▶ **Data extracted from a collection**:
◆ ◆ ◆

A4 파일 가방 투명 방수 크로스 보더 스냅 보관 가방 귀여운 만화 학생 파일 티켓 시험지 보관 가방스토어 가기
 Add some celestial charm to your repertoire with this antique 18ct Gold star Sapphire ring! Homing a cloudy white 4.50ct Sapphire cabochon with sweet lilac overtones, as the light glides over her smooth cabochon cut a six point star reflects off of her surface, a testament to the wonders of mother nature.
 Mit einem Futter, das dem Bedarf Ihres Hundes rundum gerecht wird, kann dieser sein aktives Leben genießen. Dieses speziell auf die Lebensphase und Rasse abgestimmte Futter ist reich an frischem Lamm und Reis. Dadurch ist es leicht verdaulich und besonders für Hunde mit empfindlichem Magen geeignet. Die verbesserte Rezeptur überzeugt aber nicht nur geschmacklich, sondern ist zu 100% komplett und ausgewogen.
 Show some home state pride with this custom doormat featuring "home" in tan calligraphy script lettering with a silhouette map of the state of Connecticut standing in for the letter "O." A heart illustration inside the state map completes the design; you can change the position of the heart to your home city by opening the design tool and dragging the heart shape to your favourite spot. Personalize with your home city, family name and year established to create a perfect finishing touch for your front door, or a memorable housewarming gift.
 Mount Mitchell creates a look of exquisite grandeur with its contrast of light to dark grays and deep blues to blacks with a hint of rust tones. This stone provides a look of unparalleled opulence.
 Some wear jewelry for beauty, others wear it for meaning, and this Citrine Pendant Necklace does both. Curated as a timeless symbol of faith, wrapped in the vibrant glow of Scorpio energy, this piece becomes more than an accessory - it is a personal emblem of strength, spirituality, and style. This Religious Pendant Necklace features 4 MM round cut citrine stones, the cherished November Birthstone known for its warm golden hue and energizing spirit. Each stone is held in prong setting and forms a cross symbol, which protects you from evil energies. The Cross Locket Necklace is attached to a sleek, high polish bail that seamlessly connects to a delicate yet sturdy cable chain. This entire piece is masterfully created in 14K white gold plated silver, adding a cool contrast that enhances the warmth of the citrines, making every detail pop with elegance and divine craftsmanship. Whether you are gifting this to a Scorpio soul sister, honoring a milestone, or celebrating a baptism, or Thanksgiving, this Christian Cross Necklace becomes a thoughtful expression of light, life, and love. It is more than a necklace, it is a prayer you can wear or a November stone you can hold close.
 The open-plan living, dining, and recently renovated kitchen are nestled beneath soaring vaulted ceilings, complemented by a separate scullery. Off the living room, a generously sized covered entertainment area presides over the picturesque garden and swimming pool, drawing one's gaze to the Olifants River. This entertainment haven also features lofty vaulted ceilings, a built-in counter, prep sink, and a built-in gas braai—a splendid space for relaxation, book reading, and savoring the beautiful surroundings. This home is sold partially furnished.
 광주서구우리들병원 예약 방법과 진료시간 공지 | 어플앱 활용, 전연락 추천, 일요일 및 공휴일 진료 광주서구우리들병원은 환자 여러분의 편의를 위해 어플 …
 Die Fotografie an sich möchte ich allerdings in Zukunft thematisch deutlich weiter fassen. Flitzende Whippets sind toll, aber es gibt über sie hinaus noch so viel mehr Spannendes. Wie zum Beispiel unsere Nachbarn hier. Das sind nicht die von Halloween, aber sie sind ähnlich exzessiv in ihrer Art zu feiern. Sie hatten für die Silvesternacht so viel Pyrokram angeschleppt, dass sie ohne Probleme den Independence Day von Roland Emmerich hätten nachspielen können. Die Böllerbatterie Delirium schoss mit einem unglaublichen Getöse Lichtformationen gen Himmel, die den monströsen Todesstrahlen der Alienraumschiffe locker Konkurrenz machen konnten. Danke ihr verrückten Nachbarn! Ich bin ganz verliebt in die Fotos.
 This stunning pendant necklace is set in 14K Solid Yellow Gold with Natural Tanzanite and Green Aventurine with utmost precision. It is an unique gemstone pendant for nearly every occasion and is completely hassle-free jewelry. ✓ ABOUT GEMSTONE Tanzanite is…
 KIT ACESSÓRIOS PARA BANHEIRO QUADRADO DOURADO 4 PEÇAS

◆ ◆ ◆

▶ **Assigned task**: Only the lines from the beginning of the entries through the line bearing "Mit einem Futter, das" should be returned, each exactly as written.

▶ **Finished task**:
A4 파일 가방 투명 방수 크로스 보더 스냅 보관 가방 귀여운 만화 학생 파일 티켓 시험지 보관 가방스토어 가기
 Add some celestial charm to your repertoire with this antique 18ct Gold star Sapphire ring! Homing a cloudy white 4.50ct Sapphire cabochon with sweet lilac overtones, as the light glides over her smooth cabochon cut a six point star reflects off of her surface, a testament to the wonders of mother nature.
 Mit einem Futter, das dem Bedarf Ihres Hundes rundum gerecht wird, kann dieser sein aktives Leben genießen. Dieses speziell auf die Lebensphase und Rasse abgestimmte Futter ist reich an frischem Lamm und Reis. Dadurch ist es leicht verdaulich und besonders für Hunde mit empfindlichem Magen geeignet. Die verbesserte Rezeptur überzeugt aber nicht nur geschmacklich, sondern ist zu 100% komplett und ausgewogen.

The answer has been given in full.